→ **Task description**: Find the line that contains "Click the Review". Copy it and every line after it to the end of the material below, exactly, with no pictures.

>>

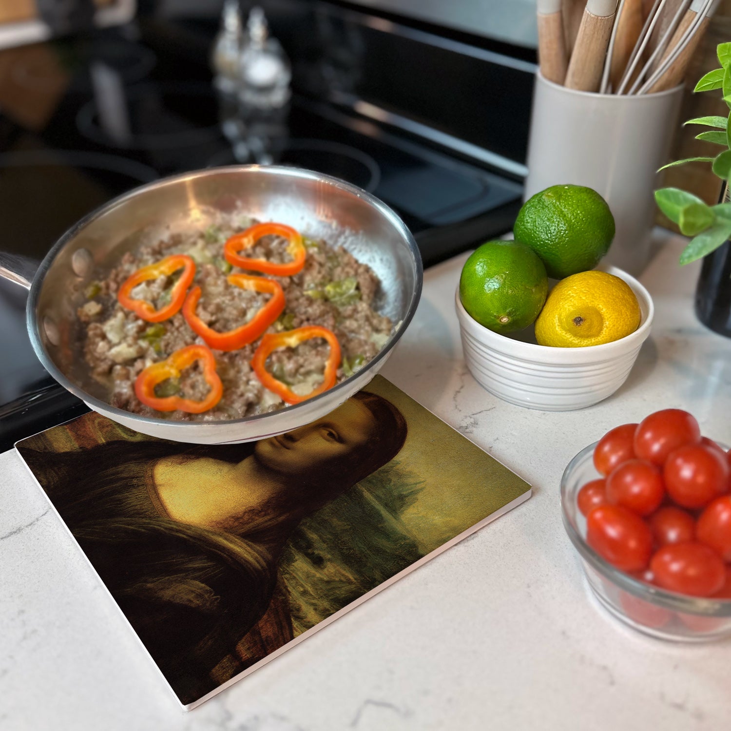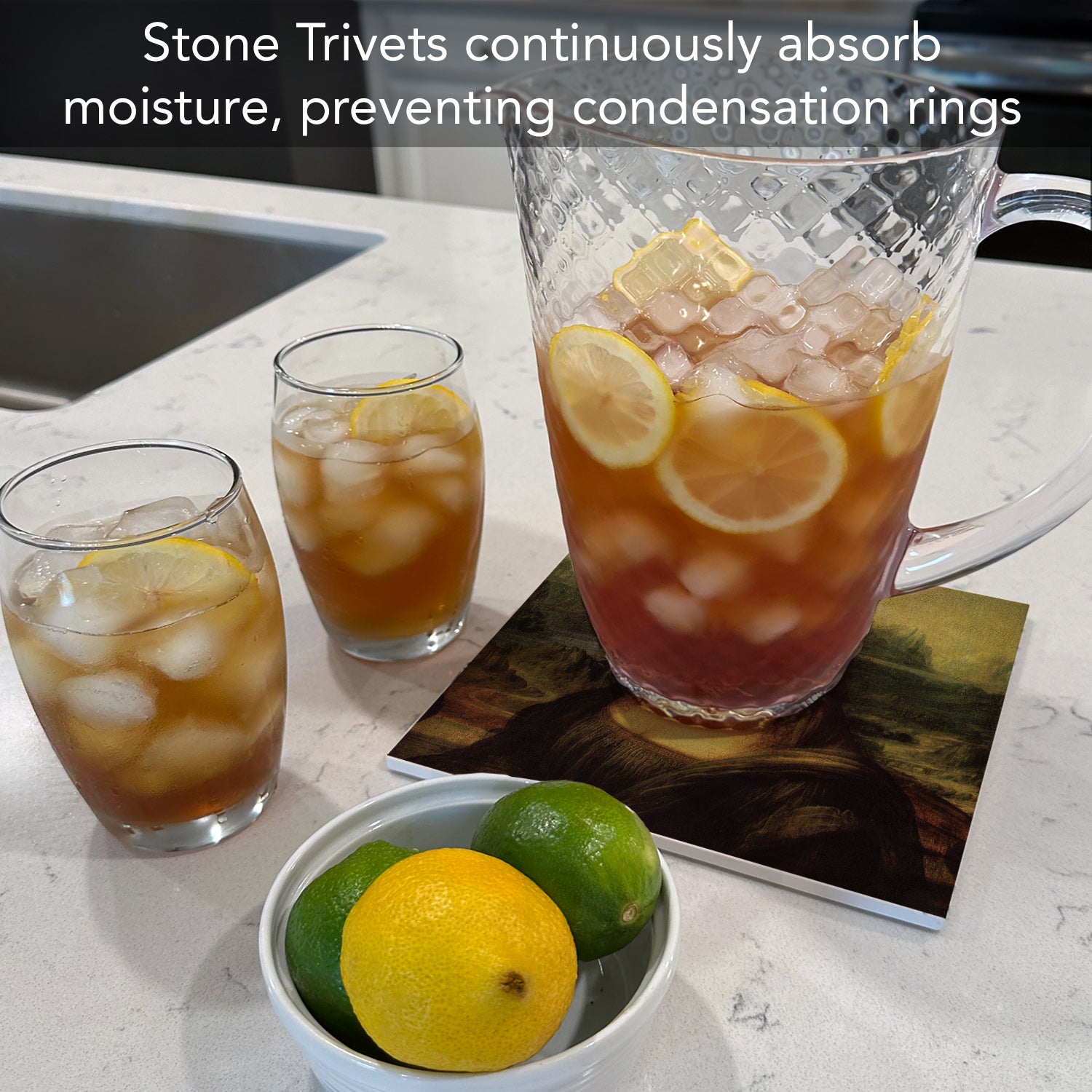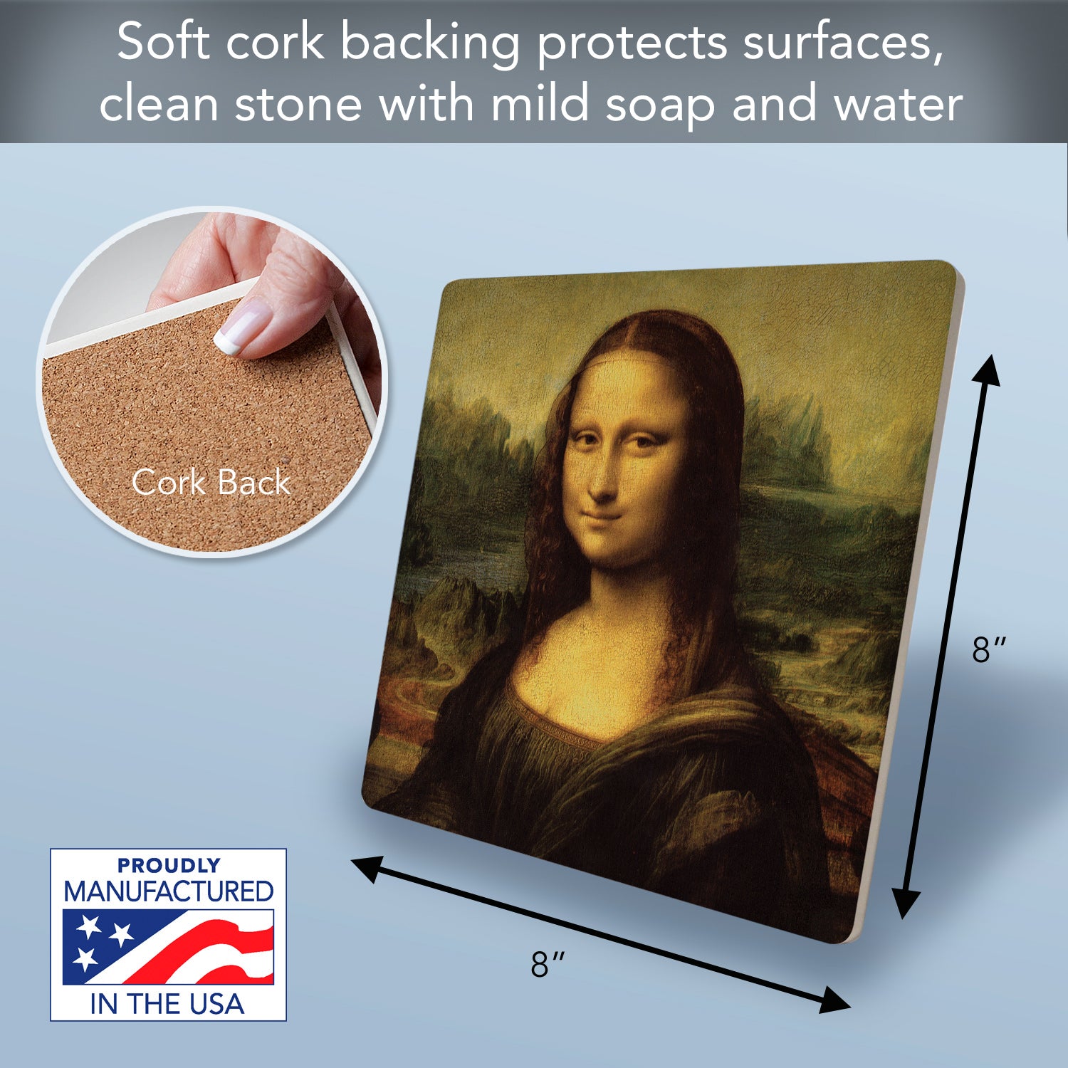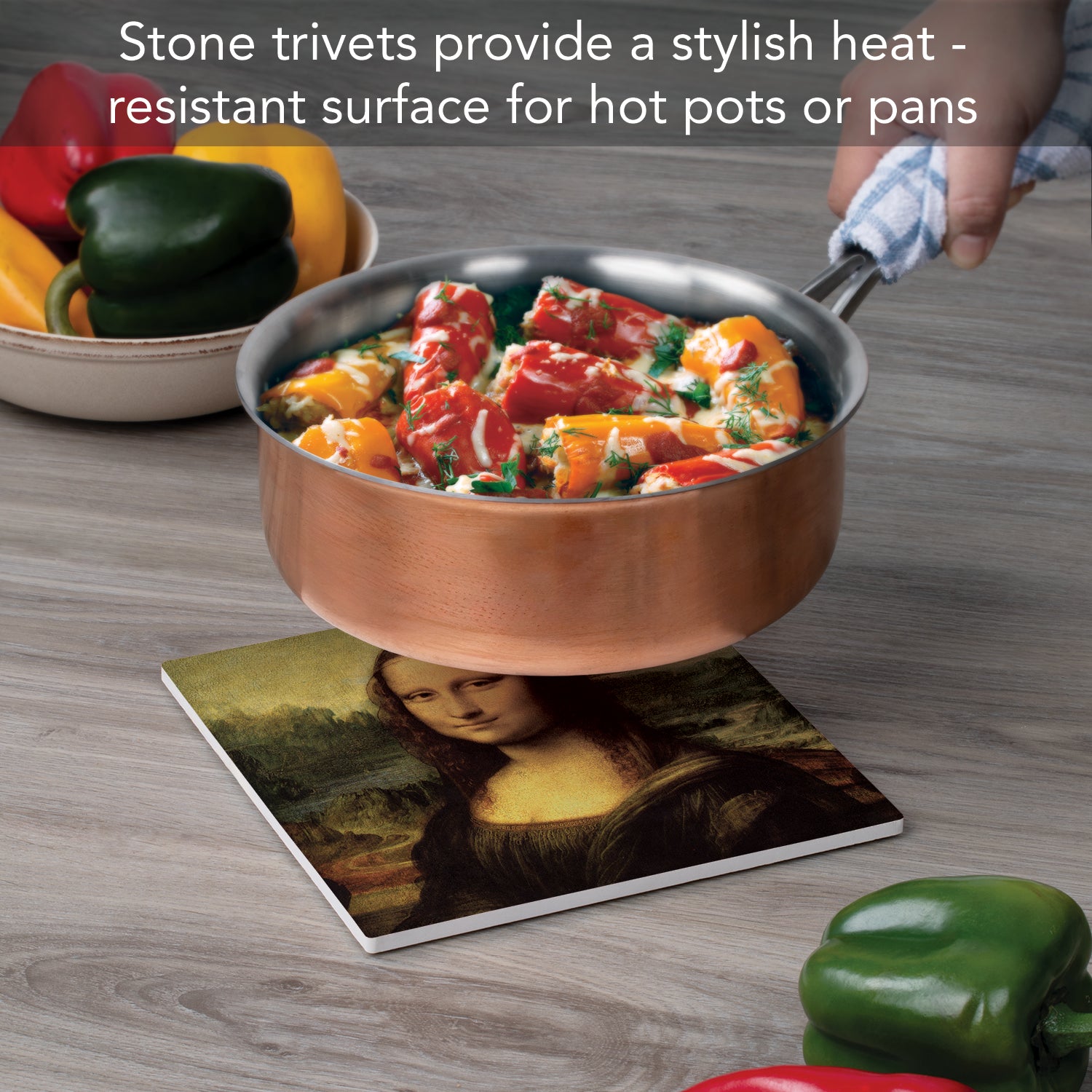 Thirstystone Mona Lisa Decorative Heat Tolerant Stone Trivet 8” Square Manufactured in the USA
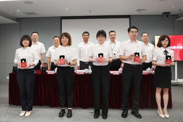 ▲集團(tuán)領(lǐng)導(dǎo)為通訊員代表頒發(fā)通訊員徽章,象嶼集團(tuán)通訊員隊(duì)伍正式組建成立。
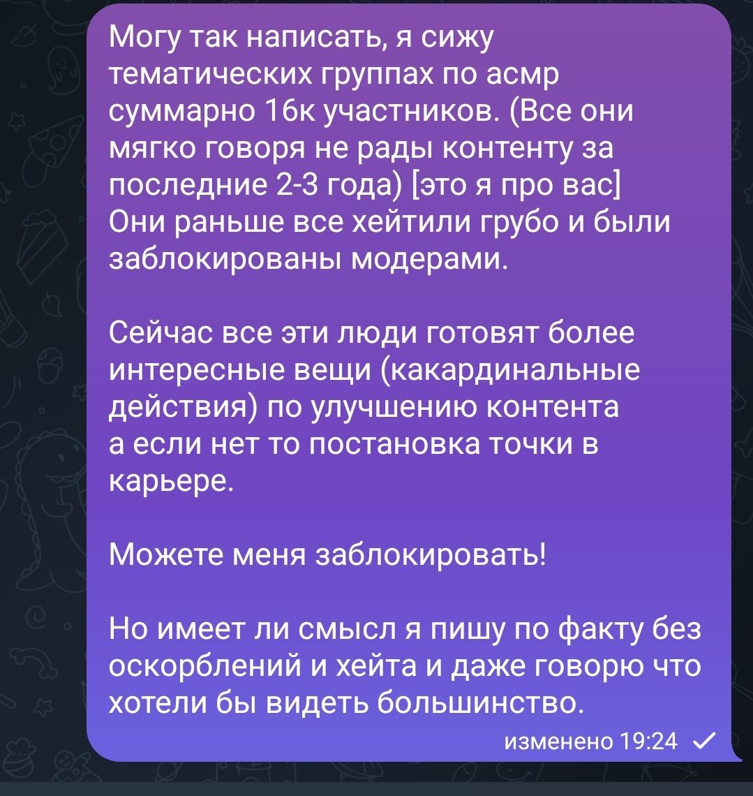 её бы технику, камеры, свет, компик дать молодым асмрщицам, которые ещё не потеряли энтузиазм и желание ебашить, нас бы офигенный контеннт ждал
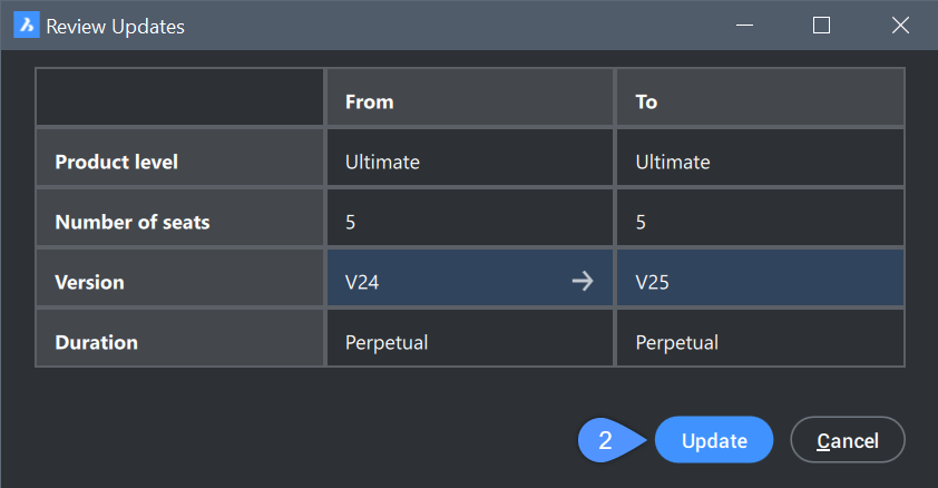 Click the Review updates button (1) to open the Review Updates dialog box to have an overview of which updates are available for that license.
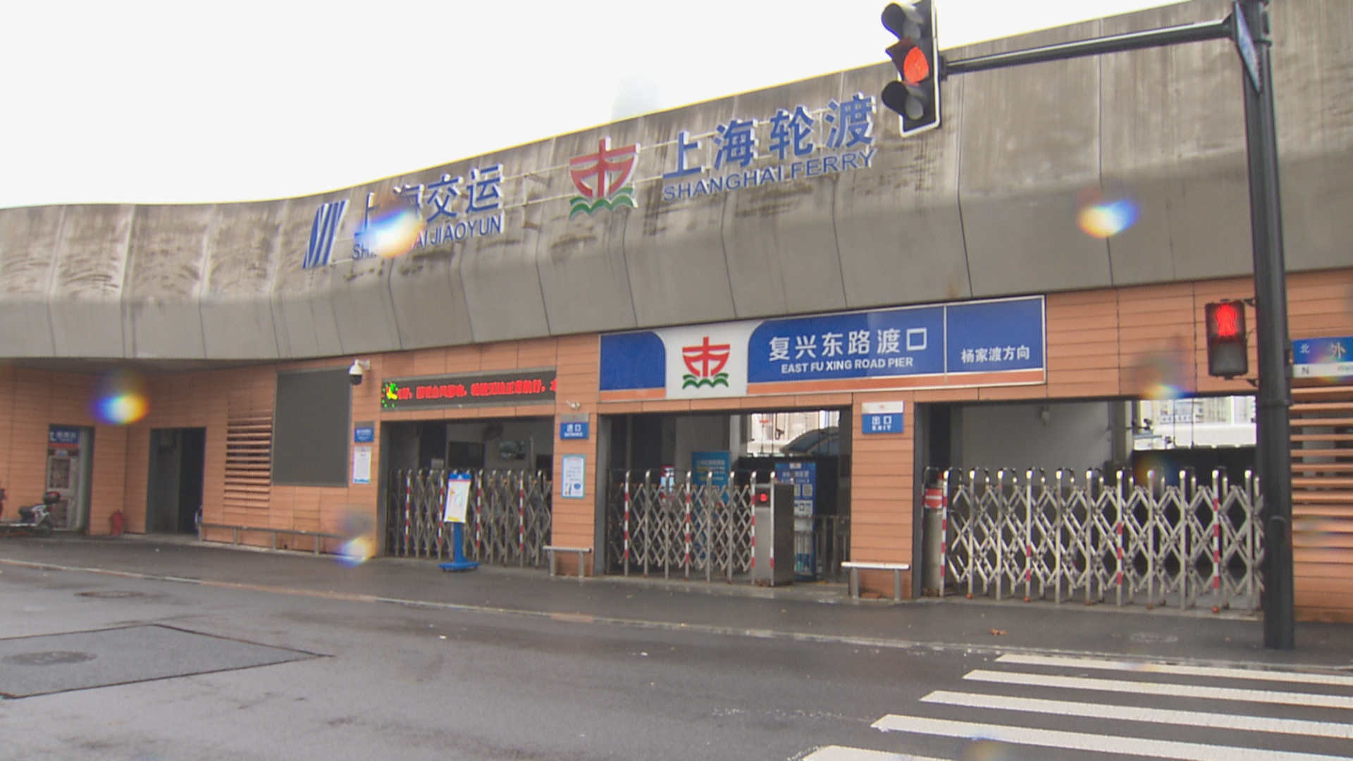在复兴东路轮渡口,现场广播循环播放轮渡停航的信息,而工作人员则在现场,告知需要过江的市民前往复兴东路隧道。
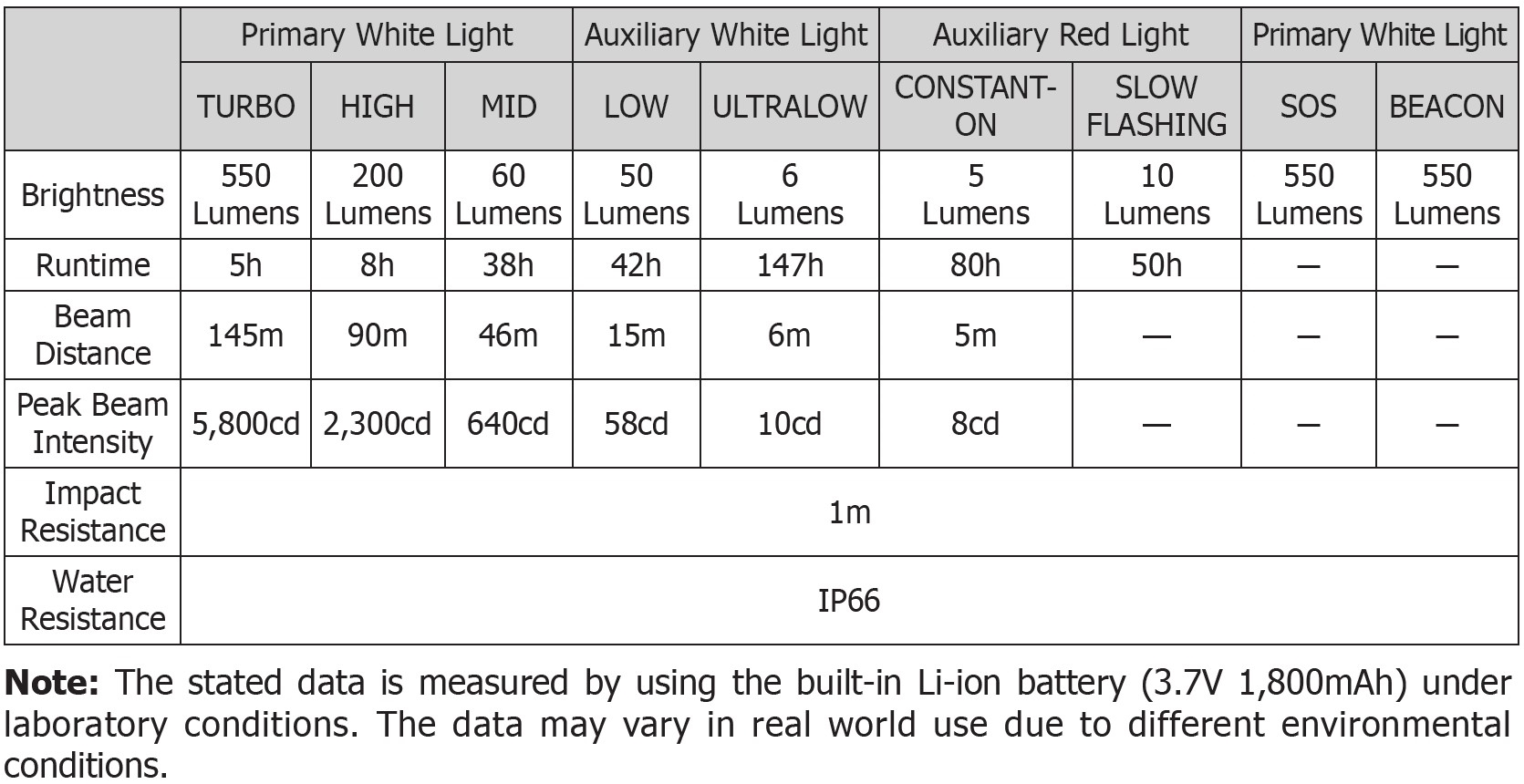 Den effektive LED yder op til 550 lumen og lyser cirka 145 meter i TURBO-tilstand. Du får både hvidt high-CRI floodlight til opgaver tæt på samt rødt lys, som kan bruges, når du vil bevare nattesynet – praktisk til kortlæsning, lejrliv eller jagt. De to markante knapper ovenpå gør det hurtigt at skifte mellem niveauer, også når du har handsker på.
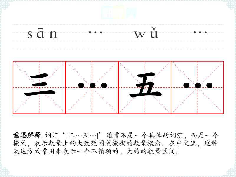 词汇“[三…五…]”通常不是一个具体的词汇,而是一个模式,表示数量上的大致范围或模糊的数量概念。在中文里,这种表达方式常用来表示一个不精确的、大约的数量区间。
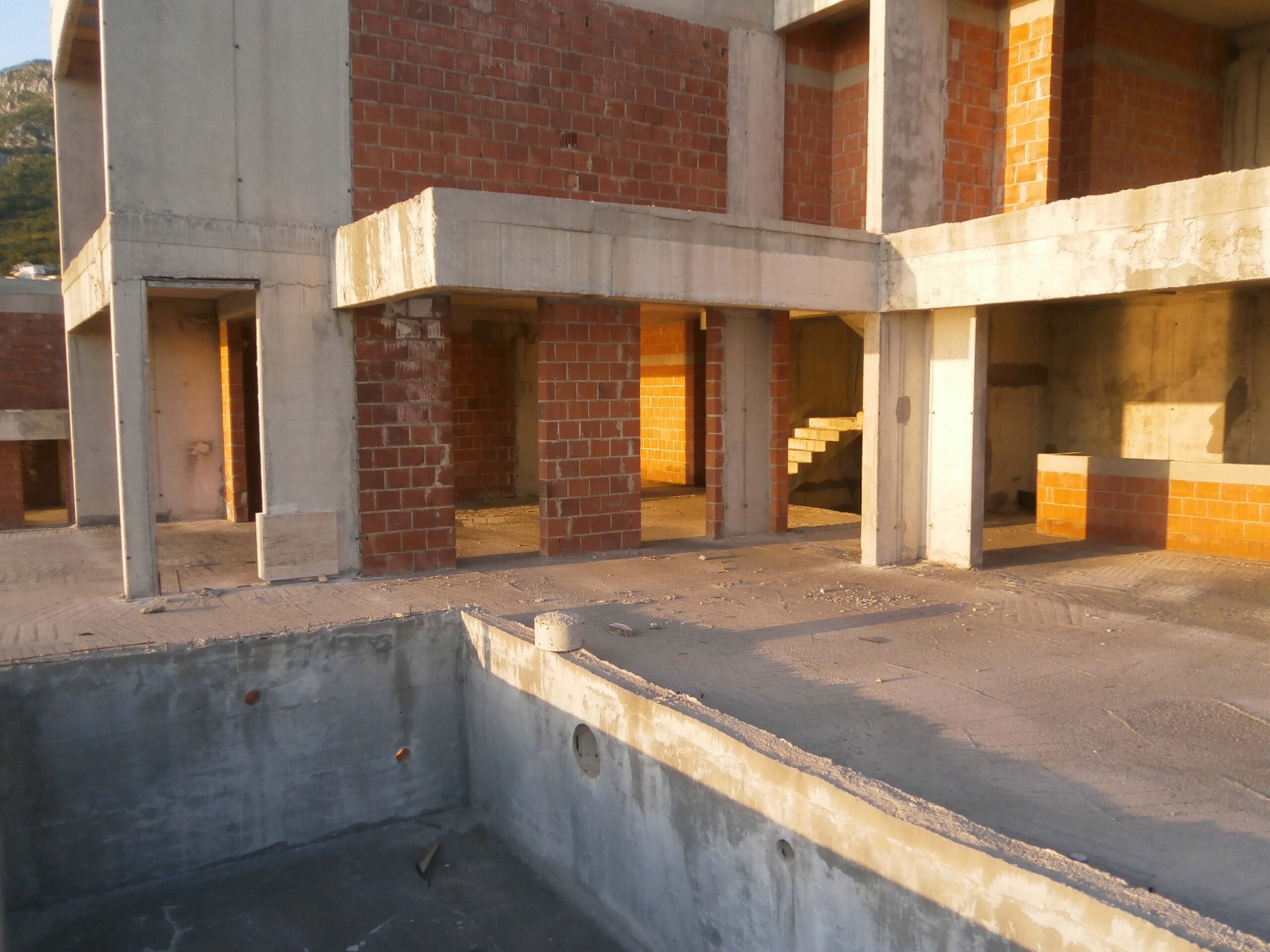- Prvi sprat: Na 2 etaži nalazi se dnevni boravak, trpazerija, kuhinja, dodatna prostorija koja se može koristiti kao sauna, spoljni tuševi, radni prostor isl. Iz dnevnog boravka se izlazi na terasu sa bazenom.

<<

→ **Written response**:
 Click the Review updates button (1) to open the Review Updates dialog box to have an overview of which updates are available for that license.
在复兴东路轮渡口,现场广播循环播放轮渡停航的信息,而工作人员则在现场,告知需要过江的市民前往复兴东路隧道。
 Den effektive LED yder op til 550 lumen og lyser cirka 145 meter i TURBO-tilstand. Du får både hvidt high-CRI floodlight til opgaver tæt på samt rødt lys, som kan bruges, når du vil bevare nattesynet – praktisk til kortlæsning, lejrliv eller jagt. De to markante knapper ovenpå gør det hurtigt at skifte mellem niveauer, også når du har handsker på.
 词汇“[三…五…]”通常不是一个具体的词汇,而是一个模式,表示数量上的大致范围或模糊的数量概念。在中文里,这种表达方式常用来表示一个不精确的、大约的数量区间。
- Prvi sprat: Na 2 etaži nalazi se dnevni boravak, trpazerija, kuhinja, dodatna prostorija koja se može koristiti kao sauna, spoljni tuševi, radni prostor isl. Iz dnevnog boravka se izlazi na terasu sa bazenom.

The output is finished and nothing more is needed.